The National Institute of Health (NIH) implemented a new Data Management and Sharing Policy (DMS Policy), which requires ALL new and competing proposals/renewals that will generate scientific data to submit a detailed plan outlining how data will be stored, protected, and ultimately shared.

The DMS Policy will have two main requirements:

  1. Submission of a data management and sharing plan (recommended two pages). Research proposals without a Plan will not be considered for funding.
  2. Compliance with the approved plan. Failure to provide updates in grant reporting may result in enforcement actions, including the addition of special terms and conditions or award termination. Failure to deposit data after the end of the funding period may negatively influence future opportunities.

Prospective grant applicants will need to submit their DMSP along with their application. The DMSP will be assessed by NIH Program Staff (peer reviewers will also have the opportunity to comment on the proposed data management budget). The Institute, Center, or Office (ICO)-approved plan becomes a Term and Condition of the Notice of Award. However, researchers will have the ability to update and amend their DMSP as their research plan changes and evolves.

Announcements

The effective date of the DMS Policy is January 25, 2023, and applies to:

  • Competing grant applications and proposals that are submitted to the NIH for the January 25, 2023 deadline, and subsequent receipt date
  • Proposals for contracts that are submitted to NIH on or after January 25, 2023
  • Other funding agreements (e.g., Other Transactions) that are executed on or after January 25, 2023, unless otherwise stipulated by the NIH
  • Please see a complete list of NIH activity codes subject to the DMS Policy

DMSPs should be no more than two pages long and must address the following elements:

  • Data Type: Description of the data that will be generated, managed, preserved, and ultimately shared.
  • Related Tools, Software and Code: Explanation of any specialized or custom tools and software needed to access or manipulate shared data.
  • Standards: Detailed description of data standards applied to shared data and associated metadata, if applicable.
  • Data Preservation, Access, and Timelines: List of repositories, data lakes/warehouses where data will be archived, as well as documentation on how data will be discoverable and accessed, and when and how long it will remain available.
  • Data Access, Distribution, and Reusage Considerations: Explanation of any potential issues and restrictions affecting access, distribution and reusage of data.

Oversight of Data Management and Sharing --Explanation of how compliance and adherence will be monitored and managed. During the funding period, compliance with the Plan will be determined by the NIH ICO. Compliance with the Plan, including any Plan updates, may be reviewed during regular reporting intervals (e.g., at the time of annual Research Performance Progress Reports (RPPRs)).

The DMS Policy does not currently mandate any particular repository for data, but some individual NIH institutes have specified required repositories. In general, researchers are encouraged to deposit their data into repositories that support effective data discovery and reuse. The NIH does provide guidance for selecting a repository and provides a list of recommended domain-specific and generalist data repositories. Researchers are expected to discuss their plan for preservation of access to data resulting from the project.

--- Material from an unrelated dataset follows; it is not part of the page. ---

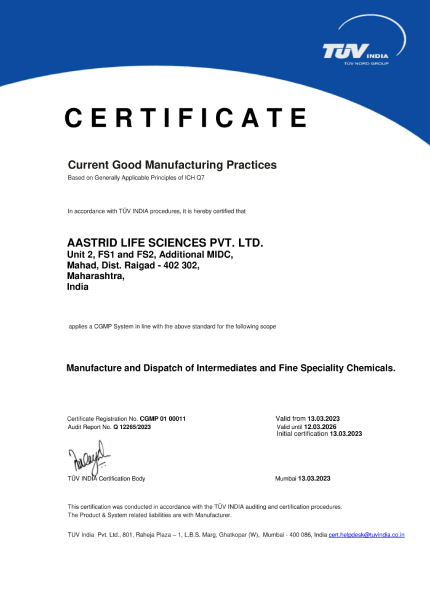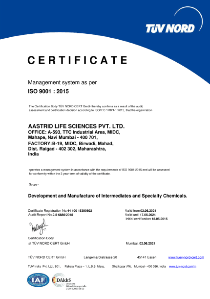 Our well-qualified and experienced operations team at Aastrid Life Sciences serves as the backbone of our operations. Every member of our operations team possesses a strong educational background and has undergone rigorous training to ensure their expertise and experience in the field. Each member brings a wealth of experience from diverse backgrounds, including chemical engineering, pharmaceutical sciences, and process optimisation. Aastrid Life Sciences adheres to quality control protocols to ensure every product meets or exceeds industry standards. Our Greenfield factory at Mahad has been awarded ISO 9001:2015 and Current Good Practices by TUV, India, within 9 months of being commissioned for operational excellence. These certificates are a result of state-of-the-art infrastructure, a well-trained team and robust procedures.

Data management and sharing costs are allowable costs that can be included in grant budgets. These can include personnel costs for data management and sharing activities, curation costs, data deposit fees, and long-term data preservation costs. Costs for data storage beyond the period of the grant may be paid but they must be paid during the award period. Costing approaches continue to be the subject of discussion and more information may become available in the future.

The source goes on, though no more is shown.